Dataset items
================================
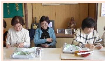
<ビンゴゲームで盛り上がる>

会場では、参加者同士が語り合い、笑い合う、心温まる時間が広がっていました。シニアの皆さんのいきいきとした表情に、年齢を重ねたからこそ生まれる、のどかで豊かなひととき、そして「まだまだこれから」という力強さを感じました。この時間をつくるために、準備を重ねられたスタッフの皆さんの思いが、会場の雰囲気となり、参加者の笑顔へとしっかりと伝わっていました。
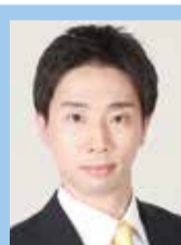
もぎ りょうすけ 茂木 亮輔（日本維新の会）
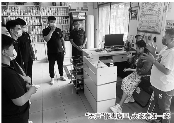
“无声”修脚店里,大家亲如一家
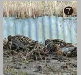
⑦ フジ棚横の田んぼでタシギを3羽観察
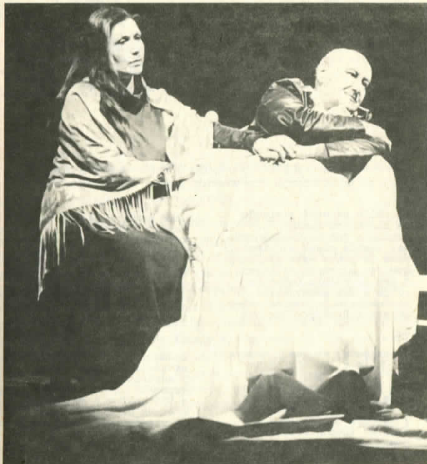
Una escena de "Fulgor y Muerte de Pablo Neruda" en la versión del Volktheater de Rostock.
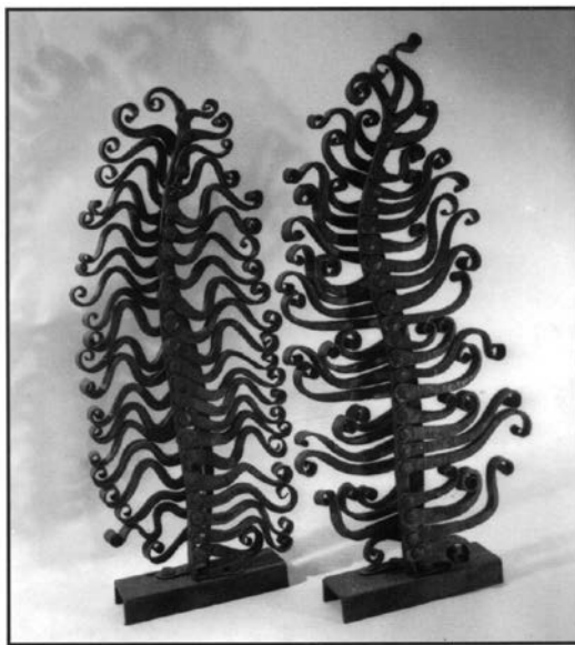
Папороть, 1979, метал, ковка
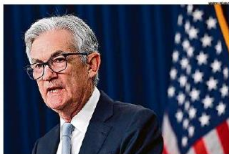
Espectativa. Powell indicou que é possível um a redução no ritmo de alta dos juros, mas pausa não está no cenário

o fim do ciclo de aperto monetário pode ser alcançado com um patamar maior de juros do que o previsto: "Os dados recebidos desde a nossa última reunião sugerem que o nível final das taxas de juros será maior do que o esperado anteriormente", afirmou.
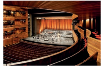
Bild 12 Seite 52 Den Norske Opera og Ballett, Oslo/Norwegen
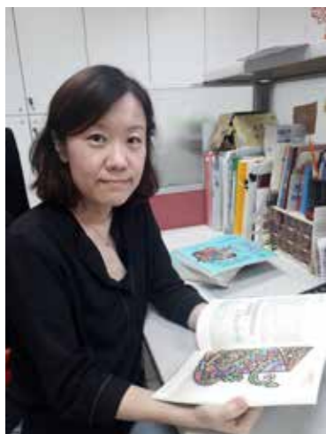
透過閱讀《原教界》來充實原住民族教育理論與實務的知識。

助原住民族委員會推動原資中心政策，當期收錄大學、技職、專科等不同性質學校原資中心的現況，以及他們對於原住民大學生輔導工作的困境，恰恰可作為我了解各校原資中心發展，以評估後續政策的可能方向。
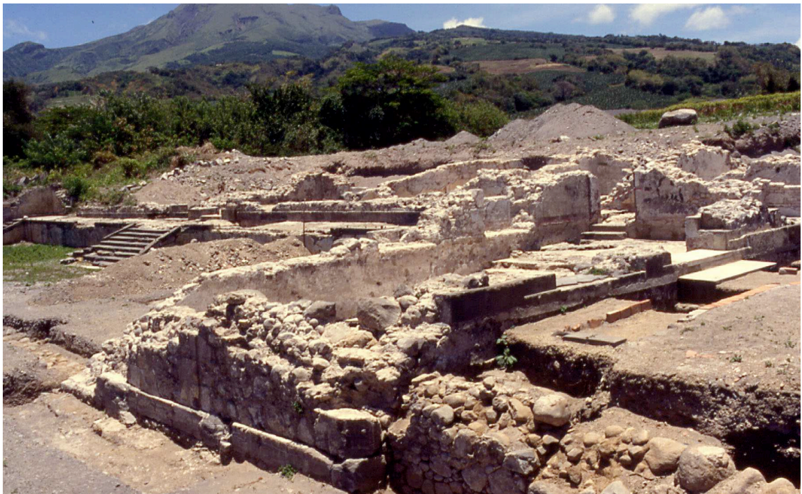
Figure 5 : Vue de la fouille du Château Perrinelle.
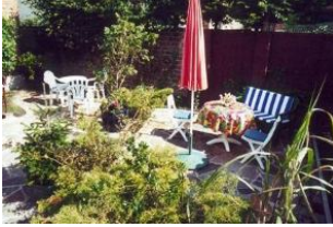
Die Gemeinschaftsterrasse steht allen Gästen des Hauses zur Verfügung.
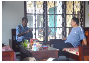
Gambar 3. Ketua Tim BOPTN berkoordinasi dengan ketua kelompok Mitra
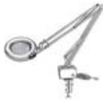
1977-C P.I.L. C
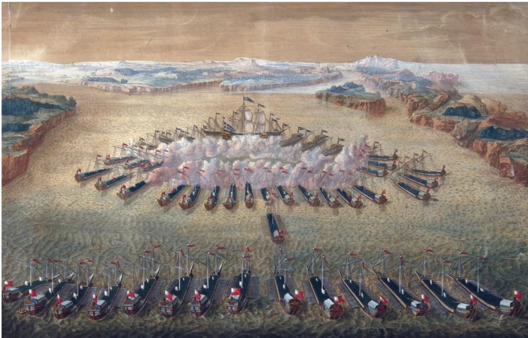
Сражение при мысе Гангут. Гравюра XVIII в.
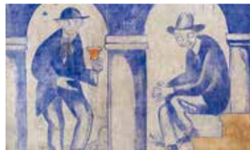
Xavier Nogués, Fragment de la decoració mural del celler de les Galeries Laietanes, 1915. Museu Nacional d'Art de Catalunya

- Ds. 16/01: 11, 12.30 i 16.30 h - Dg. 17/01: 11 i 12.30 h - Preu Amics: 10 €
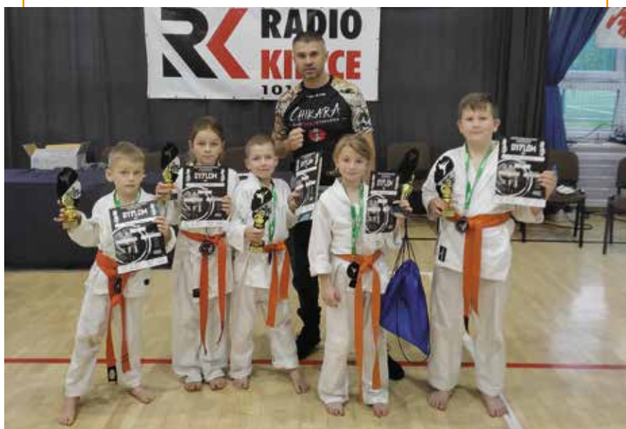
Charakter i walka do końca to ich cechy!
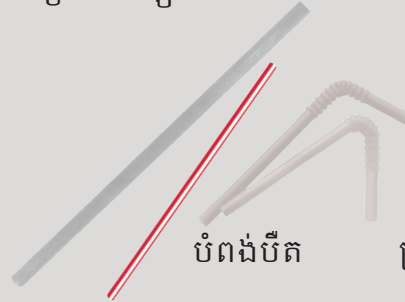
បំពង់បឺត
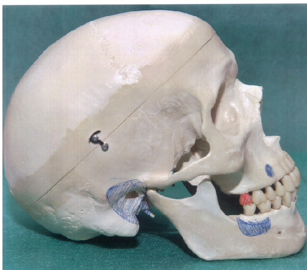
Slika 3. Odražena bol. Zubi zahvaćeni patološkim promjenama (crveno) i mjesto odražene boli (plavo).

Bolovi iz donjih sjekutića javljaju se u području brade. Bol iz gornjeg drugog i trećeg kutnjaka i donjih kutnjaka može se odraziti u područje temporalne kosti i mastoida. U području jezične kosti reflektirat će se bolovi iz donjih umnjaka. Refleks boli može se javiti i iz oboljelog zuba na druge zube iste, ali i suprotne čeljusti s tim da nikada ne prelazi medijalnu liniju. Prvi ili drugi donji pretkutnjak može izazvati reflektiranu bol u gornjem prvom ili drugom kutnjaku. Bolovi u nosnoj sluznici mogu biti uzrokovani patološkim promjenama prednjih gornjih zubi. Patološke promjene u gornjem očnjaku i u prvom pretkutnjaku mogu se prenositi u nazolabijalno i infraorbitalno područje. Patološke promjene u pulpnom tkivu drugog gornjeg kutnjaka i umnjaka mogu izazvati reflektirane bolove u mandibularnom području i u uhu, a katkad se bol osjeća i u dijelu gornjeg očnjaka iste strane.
================================
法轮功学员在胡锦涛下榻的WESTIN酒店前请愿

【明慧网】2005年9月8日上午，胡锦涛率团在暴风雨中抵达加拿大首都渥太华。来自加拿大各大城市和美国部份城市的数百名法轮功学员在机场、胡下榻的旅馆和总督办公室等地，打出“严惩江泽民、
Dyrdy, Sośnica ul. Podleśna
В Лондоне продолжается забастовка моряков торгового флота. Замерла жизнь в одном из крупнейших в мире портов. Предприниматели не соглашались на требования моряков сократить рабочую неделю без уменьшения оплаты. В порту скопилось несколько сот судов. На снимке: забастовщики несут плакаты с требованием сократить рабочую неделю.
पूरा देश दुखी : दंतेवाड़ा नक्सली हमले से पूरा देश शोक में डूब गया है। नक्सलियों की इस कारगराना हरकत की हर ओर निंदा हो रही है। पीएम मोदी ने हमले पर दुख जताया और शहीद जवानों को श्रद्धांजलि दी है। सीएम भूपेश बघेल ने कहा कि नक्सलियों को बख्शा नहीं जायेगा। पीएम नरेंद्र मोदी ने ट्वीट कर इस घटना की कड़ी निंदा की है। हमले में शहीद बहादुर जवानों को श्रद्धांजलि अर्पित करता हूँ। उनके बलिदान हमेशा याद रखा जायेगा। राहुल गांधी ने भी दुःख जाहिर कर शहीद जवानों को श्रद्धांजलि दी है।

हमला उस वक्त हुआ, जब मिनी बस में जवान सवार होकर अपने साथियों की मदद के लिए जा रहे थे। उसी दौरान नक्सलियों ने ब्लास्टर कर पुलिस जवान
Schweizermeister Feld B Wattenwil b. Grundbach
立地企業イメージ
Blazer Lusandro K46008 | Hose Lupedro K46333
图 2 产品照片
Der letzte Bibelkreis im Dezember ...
================================
Beginning with the line above that contains "Bild 12 Seite" and finishing with the line that contains "Slika 3. Odražena", print those lines exactly and only. Skip all pictures.

Bild 12 Seite 52 Den Norske Opera og Ballett, Oslo/Norwegen
透過閱讀《原教界》來充實原住民族教育理論與實務的知識。

助原住民族委員會推動原資中心政策，當期收錄大學、技職、專科等不同性質學校原資中心的現況，以及他們對於原住民大學生輔導工作的困境，恰恰可作為我了解各校原資中心發展，以評估後續政策的可能方向。
Figure 5 : Vue de la fouille du Château Perrinelle.
Die Gemeinschaftsterrasse steht allen Gästen des Hauses zur Verfügung.
Gambar 3. Ketua Tim BOPTN berkoordinasi dengan ketua kelompok Mitra
1977-C P.I.L. C
Сражение при мысе Гангут. Гравюра XVIII в.
Xavier Nogués, Fragment de la decoració mural del celler de les Galeries Laietanes, 1915. Museu Nacional d'Art de Catalunya

- Ds. 16/01: 11, 12.30 i 16.30 h - Dg. 17/01: 11 i 12.30 h - Preu Amics: 10 €
Charakter i walka do końca to ich cechy!
បំពង់បឺត
Slika 3. Odražena bol. Zubi zahvaćeni patološkim promjenama (crveno) i mjesto odražene boli (plavo).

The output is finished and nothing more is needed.